EDIT So investigating @Amar's comment, i put together some code (pastebin link) which adds in some verbose comparators, combiners, reducers etc. If you run a single map job then in the reduce phase no combiner will run, and map output will not be sorted again as it is already assumed to be sorted.

It is assumed to be sorted as it is sorted prior to being sent into the combiner class, and it assumed that the keys will come out untouched - hence still sorted. Remember a Combiner is meant to Combine values for a given key.

So with a single map and the given combiner, the reducer sees the keys in KeyOne, KeyTwo, KeyOne, KeyTwo, KeyOne order. The grouping comparator sees a transition between them and hence you get 6 calls to the reduce function

If you use two mappers, then the reducer knows it has two sorted segments (one from each map), and so still needs to sort them prior to reducing - but because the number of segments is below a threshold, the sort is done as an inline stream sort (again the segments are assumed to be sorted).
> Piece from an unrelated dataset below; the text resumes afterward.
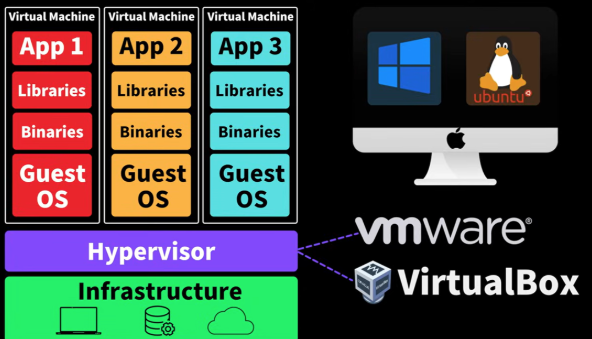 하드웨어 Infrastructure 위에 VMware, Virtual Box와 같은 Hypervisor 소프트웨어를 이용해서 각각의 가상머신을 만들 수 있음
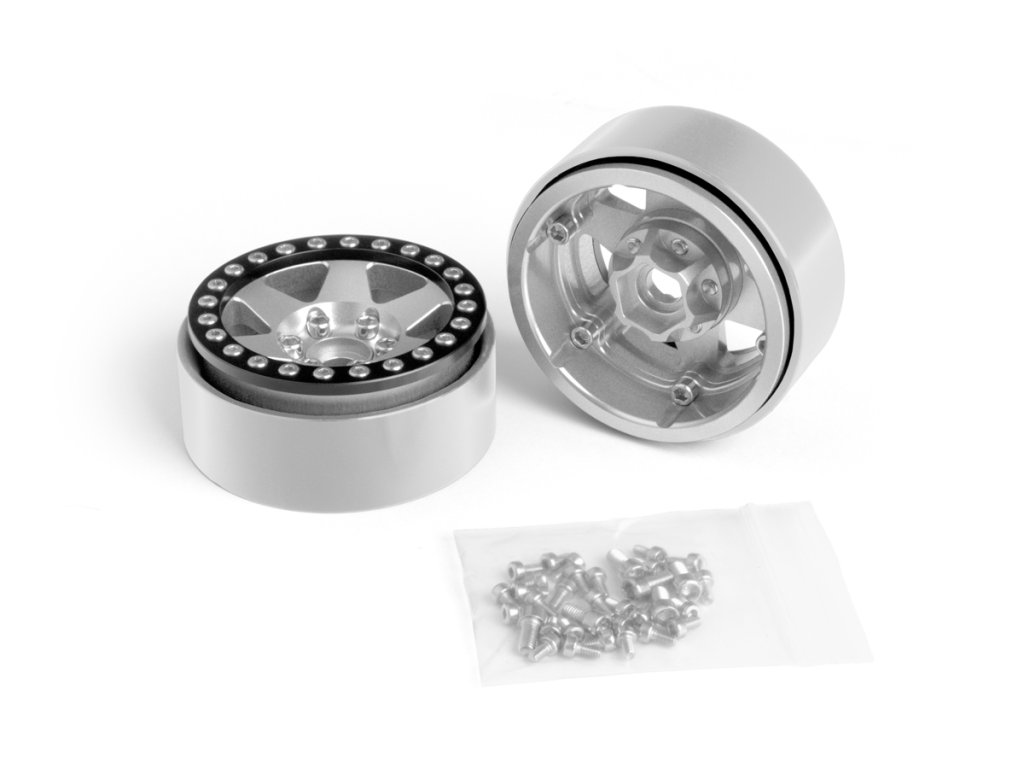 1.9'' Hliníkové beadlock disky šestipaprskové pro 1/10 crawler/expedice stříbrné - 2 ks

You still be the wrong output with two mappers (10 records output from the reduce phase).

So again, don't amend the key in the combiner, this is not what the combiner is intended for.



回答2:

Try this in the combiner instead:

context.write(new Text("KeyOne"), new Text("some value"));
context.write(new Text("KeyTwo"), new Text("some other value"));

The only way I see such a thing happening is if the key0 from one combiner is not found to be equal to the key0 from another. I am not sure how it would behave in case of keys pointing to the exact same instance (which is what would happen if you make the keys static).